Certain patients are likely to be at higher risk for infectious complications. Risk can be calculated using the CAR-HEMATOTOX score, a risk stratification score that measures markers associated with hematopoietic reserve and baseline inflammation.⁷

Research has shown that patients with higher baseline CAR-HEMATOX scores are at increased risk for prolonged neutropenia and severe infections.⁸

“This allows you to pick the best candidates for CAR T-cell therapy,” Dr. Brody said, “and to know which patients are at higher risk and are in need of close monitoring and infection prevention strategies.”

MNTs and SPMs

Another toxicity that has come to light as CRS and ICANS have become better managed is what has been called movement and neurocognitive toxicities (MNTs), according to Dr. T. Jain. This is considered to be an on-target, off-tumor effect of B-cell maturation agent (BCMA)–targeting CAR T-cell therapy.

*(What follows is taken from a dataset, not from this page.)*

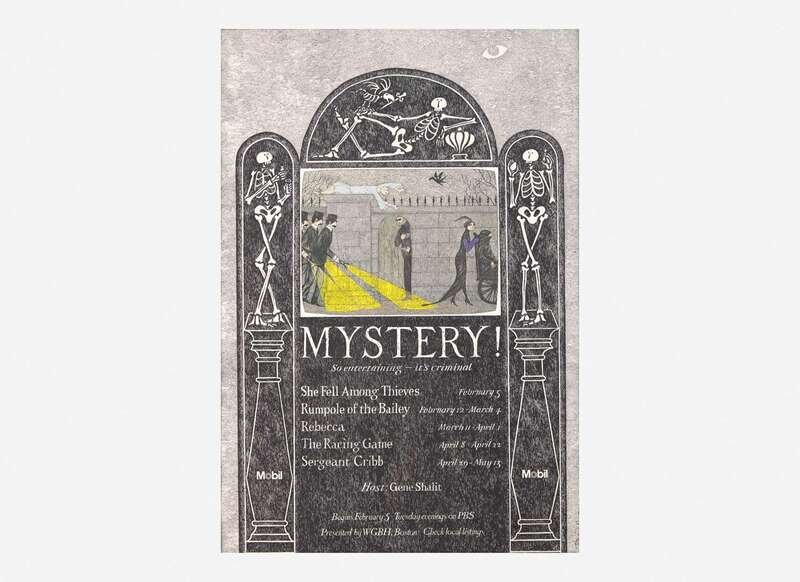 No place, ca. 1980s. Printed color poster advertising the PBS television series, Mystery! 22 1/2 x 15 1/2 in. (sight) (557 x 393 mm). Signed by Gorey bottom right. In frame, 23 1/4 x 16 1/4 in. (590 x 412 mm). Toledano p. 159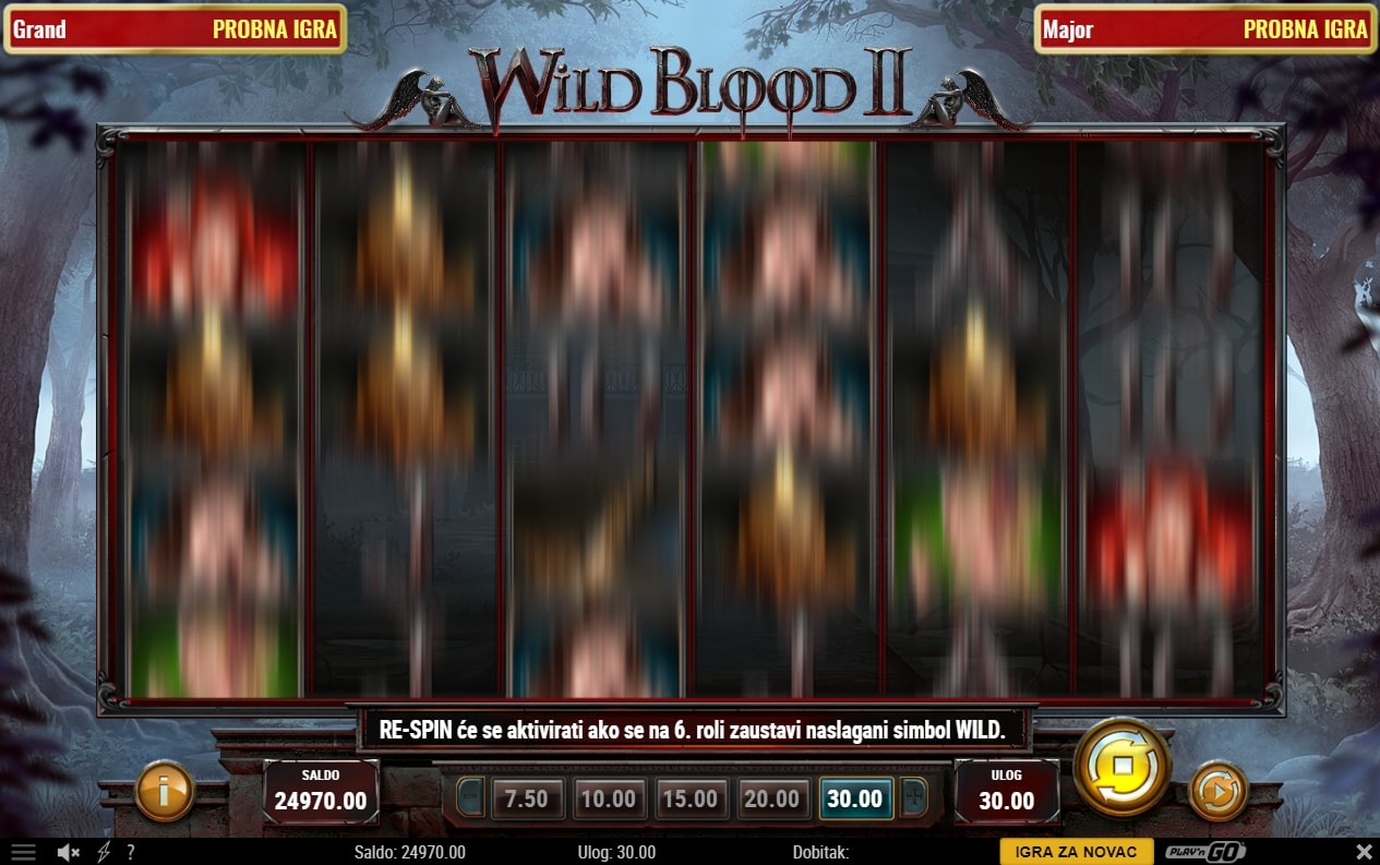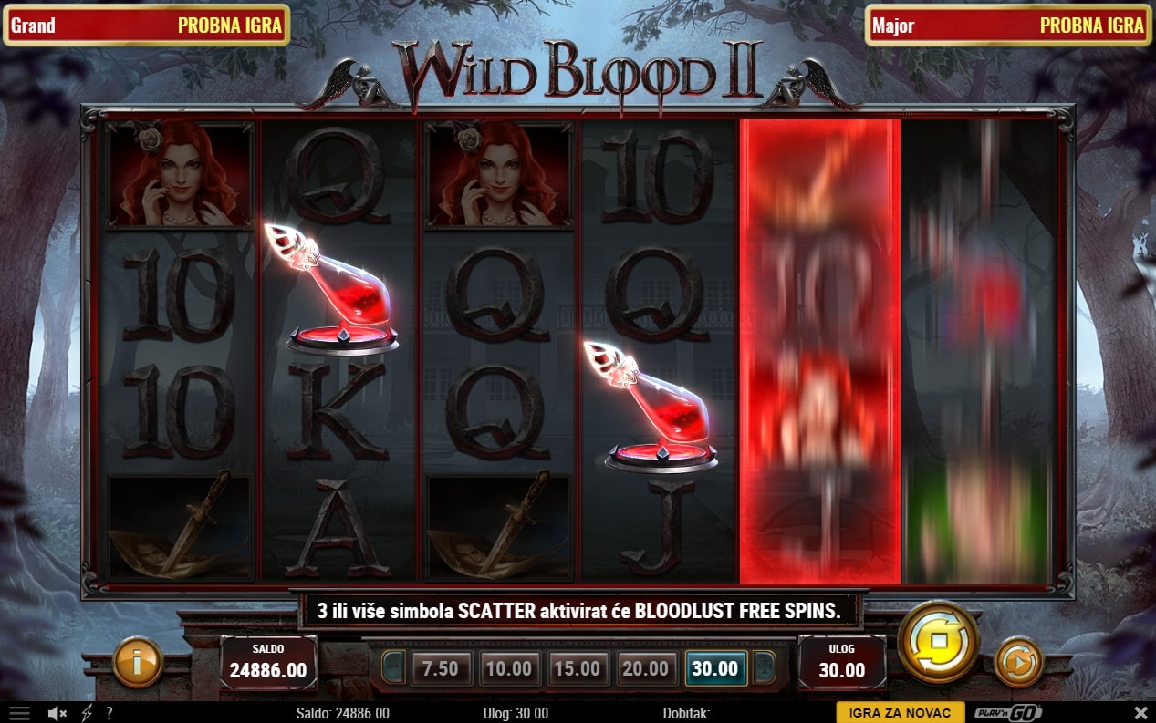 Wild Blood 2 slot je igra horor tematike koja vodi igrača u jezivu potragu za vrhunskim dobicima. Najviše isplaćuju simboli fatalnih žena koje skrivaju svoju strašnu stranu, dok simbol vampira mijenja druge simbole u potrazi za isplatnim linijama. Besplatne vrtnje se aktiviraju pojavom tri ili više simbola bočice krvi, dok Wild na šestom kolutu može aktivirati Respin funkciju. Zaigraj Wild Blood 2 te osvoji mistične nagrade!

“These are nervous system toxicities that occur with cilta-cel [ciltacabtagene autoleucel] and can occur anywhere from a month to several months after infusion,” Dr. T. Jain said.

MNTs are characterized by a variety of movement, cognitive, and personality changes including micrographia, tremors, memory loss, disturbance in attention, and reduced facial expression.⁹

Among the first to describe this toxicity were Parekh and colleagues who published a case report detailing a patient who had enrolled in the CARTITUDE-1 trial and was treated with ciltacabtagene autoleucel, a BCMA-targeted CAR T-cell therapy.¹⁰ The patient developed “a progressive movement disorder with features of parkinsonism.”

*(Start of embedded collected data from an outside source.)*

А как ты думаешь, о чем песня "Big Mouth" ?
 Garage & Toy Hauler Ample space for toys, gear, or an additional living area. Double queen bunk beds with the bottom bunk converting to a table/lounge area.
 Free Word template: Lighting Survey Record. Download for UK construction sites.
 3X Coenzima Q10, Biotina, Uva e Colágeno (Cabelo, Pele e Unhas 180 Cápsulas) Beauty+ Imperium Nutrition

It was estimated that MNTs occurred in about 6% of patients treated in CARTITUDE-1,¹¹ and risk factors are thought to include high tumor burden, any-grade ICANS, high CAR T-cell expansion, and severe CRS.¹² A retrospective study of patients treated with BCMA-targeting CAR T cells at Massachusetts General found that about 8% of patients had new severe neurologic symptoms, and ICANS was often accompanied “by tremors and myoclonus.” Two of the identified patients went on to develop parkinsonism.¹³ Treatment approaches are still being determined but may result in reversal of the disorder.¹⁴

“A severe case of this is quite rare, and it is specific only to BCMA CAR T-cell therapy,” Dr. Brody said. “Although it is not very common, it is absolutely important for discussion in the risks and benefits for BCMA-targeting therapy.”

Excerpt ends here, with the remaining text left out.